▸ Task statement
Below are the records; give again exactly the lines from the one containing "桜田 特運特さんを姓名の画数から五運を鑑定" through the one containing "Guoxuan 105AH baterai", leaving out pictures.

▸ Records shown
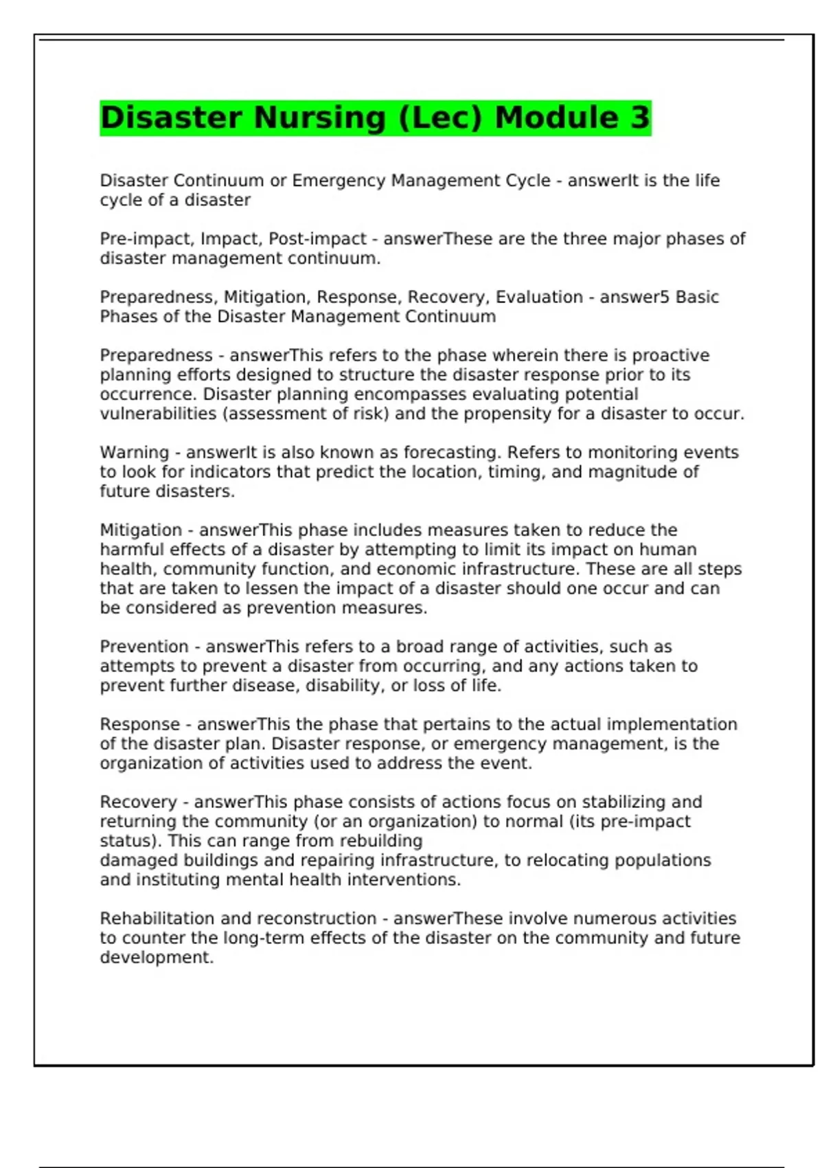 Disaster Nursing (Lec) Module 3
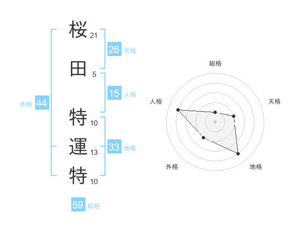 桜田 特運特さんを姓名の画数から五運を鑑定
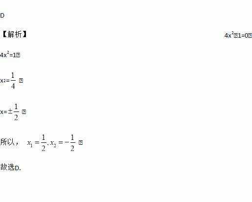 A. x1=1,x2=﹣1 B. x1=2,x2=﹣2 C. D.
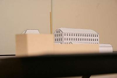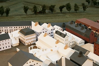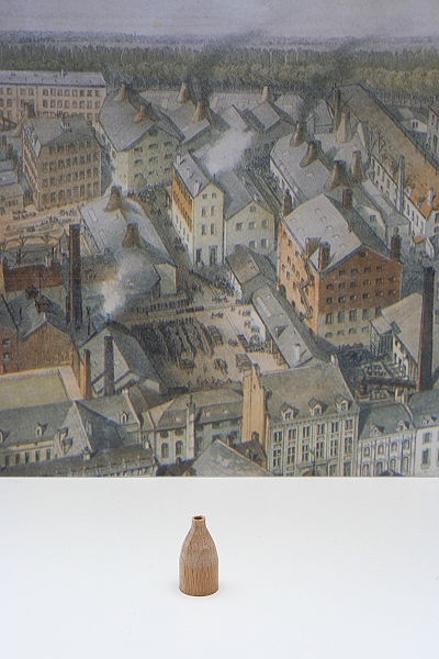 Dan wordt er een foto van de maquette gemaakt zoals de fotograaf in 1869 de poort en fabrieken ook gezien heeft. Die wordt dan weer vergeleken met de originele foto.
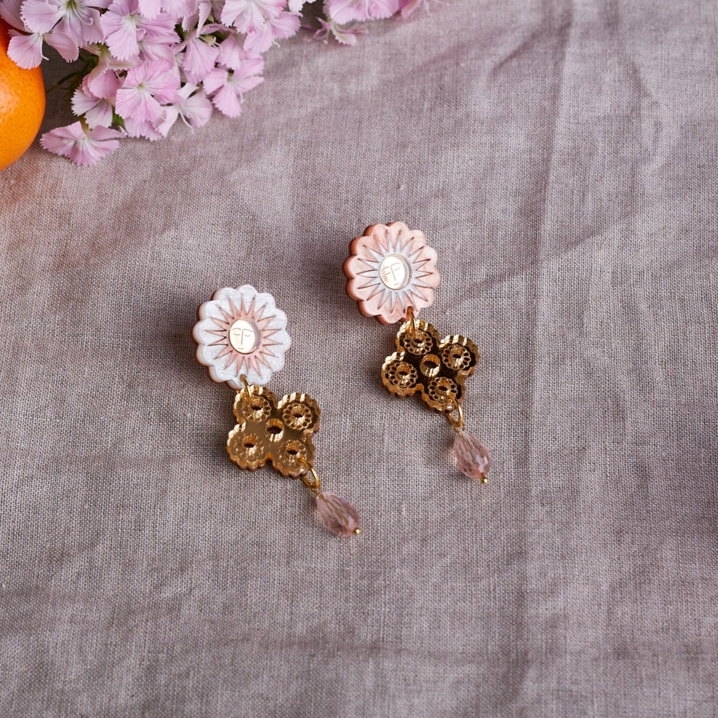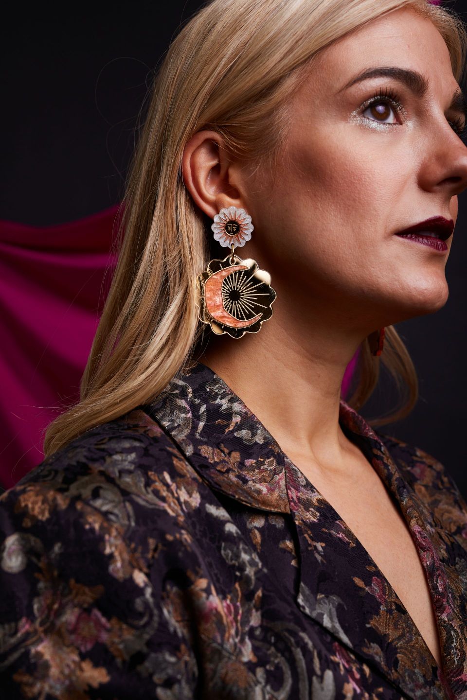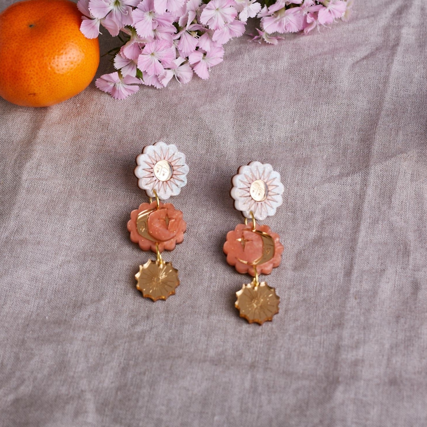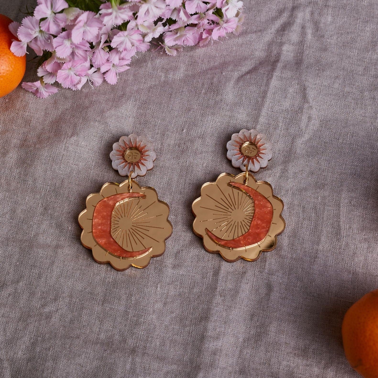 Celestial Statement Sun Moon Stud Earrings- Peach
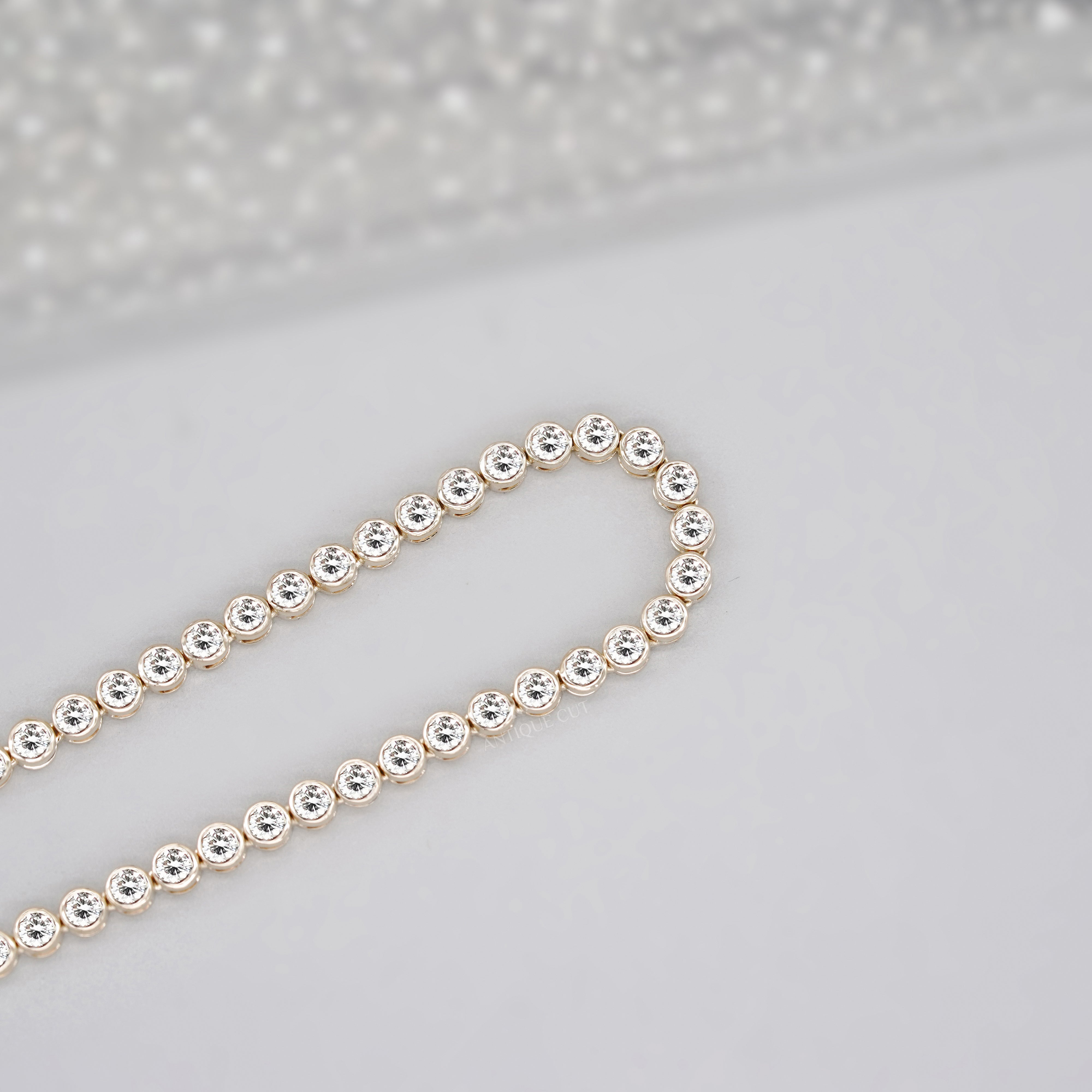 7.50tcw Diamond Tennis Necklace | Bezel Set Round Brilliant Diamonds in 14K Gold | Classic Dainty Tennis Chain | Gift for Her
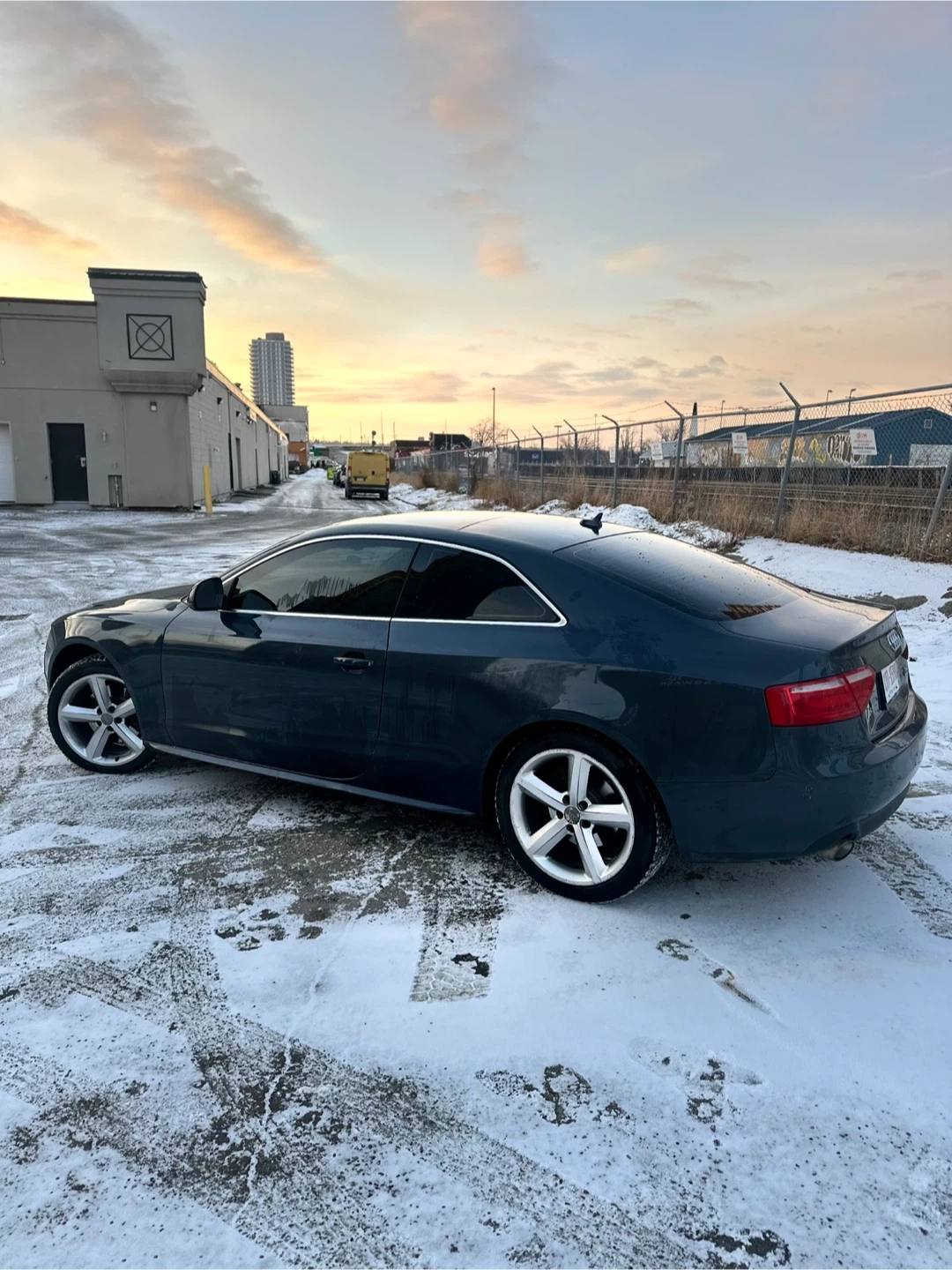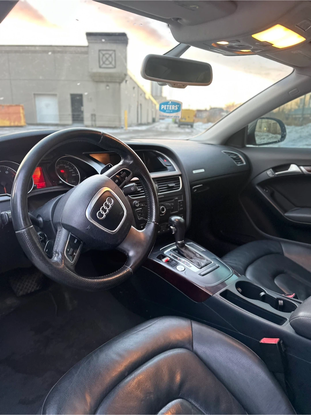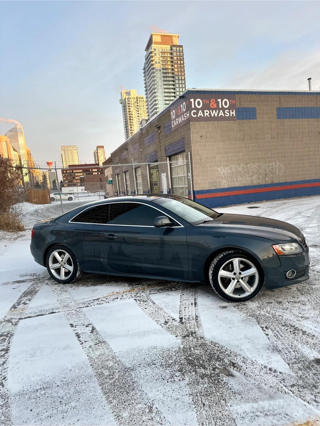 This is a dark grey Audi A5 coupe. It has black leather interior and alloy wheels. This car is great for city driving and highway cruising.
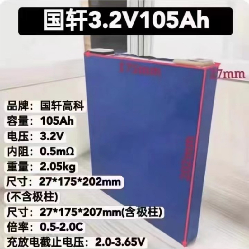Guoxuan 105AH baterai lithium besi fosfat, penyimpanan energi daya 3.2V, baterai lithium monomer besar, ekspor produk inti baterai
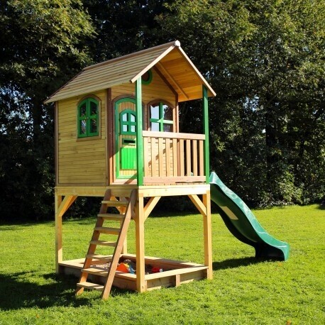 Sarah is een middelgroot houten (Julia) speelhuis op een hoge opbouw en heeft echt alles wat je je maar wensen kunt! Een trap om in het huisje te klimmen en vervolgens van de lange glijbaan naar beneden te roetsjen. En dan ben je nog niet uitgespeeld, want onder het speelhuis is ook nog een zandbak waar je met z'n allen zandtaartjes kunt bakken.
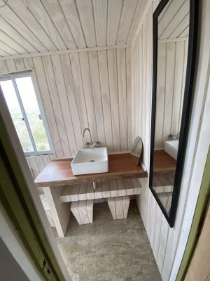 Contamos con un tanque de 350 litros que llenamos con bomba desde la cachimba, y bomba presurizadora que mejora la presión del agua.
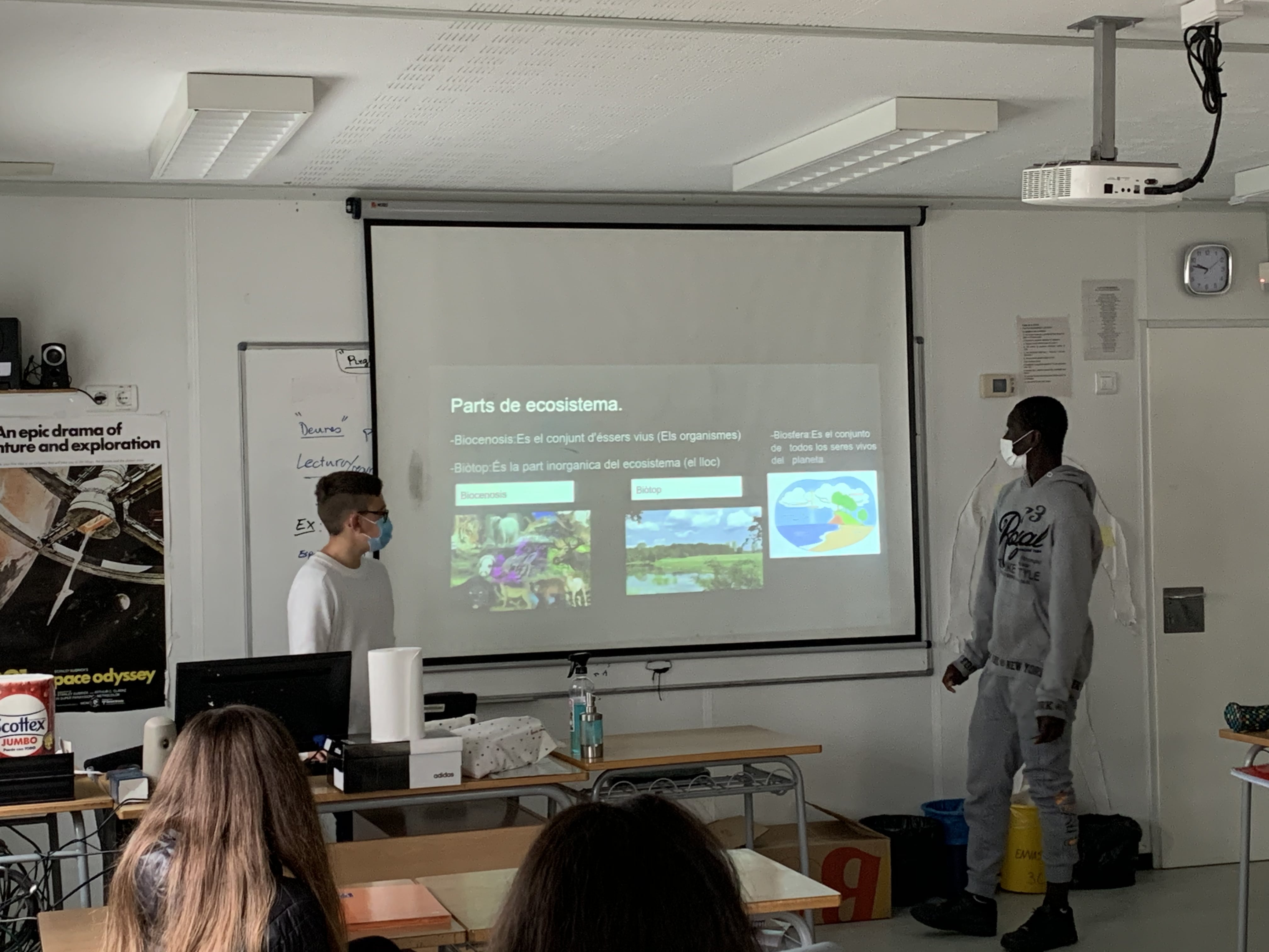 Durant la presentació, ens han explicat quins són els elements que formen un ecosistema i els han relacionat amb l’ecosistema d’estudi, així com també han representat una cadena tròfica. A més, han analitzat algunes causes i conseqüències de la destrucció dels ecosistemes, exposant algunes solucions davant d’aquests impactes o amenaces.

▸ Your response
 桜田 特運特さんを姓名の画数から五運を鑑定
 A. x1=1,x2=﹣1 B. x1=2,x2=﹣2 C. D.
 Dan wordt er een foto van de maquette gemaakt zoals de fotograaf in 1869 de poort en fabrieken ook gezien heeft. Die wordt dan weer vergeleken met de originele foto.
 Celestial Statement Sun Moon Stud Earrings- Peach
 7.50tcw Diamond Tennis Necklace | Bezel Set Round Brilliant Diamonds in 14K Gold | Classic Dainty Tennis Chain | Gift for Her
 This is a dark grey Audi A5 coupe. It has black leather interior and alloy wheels. This car is great for city driving and highway cruising.
Guoxuan 105AH baterai lithium besi fosfat, penyimpanan energi daya 3.2V, baterai lithium monomer besar, ekspor produk inti baterai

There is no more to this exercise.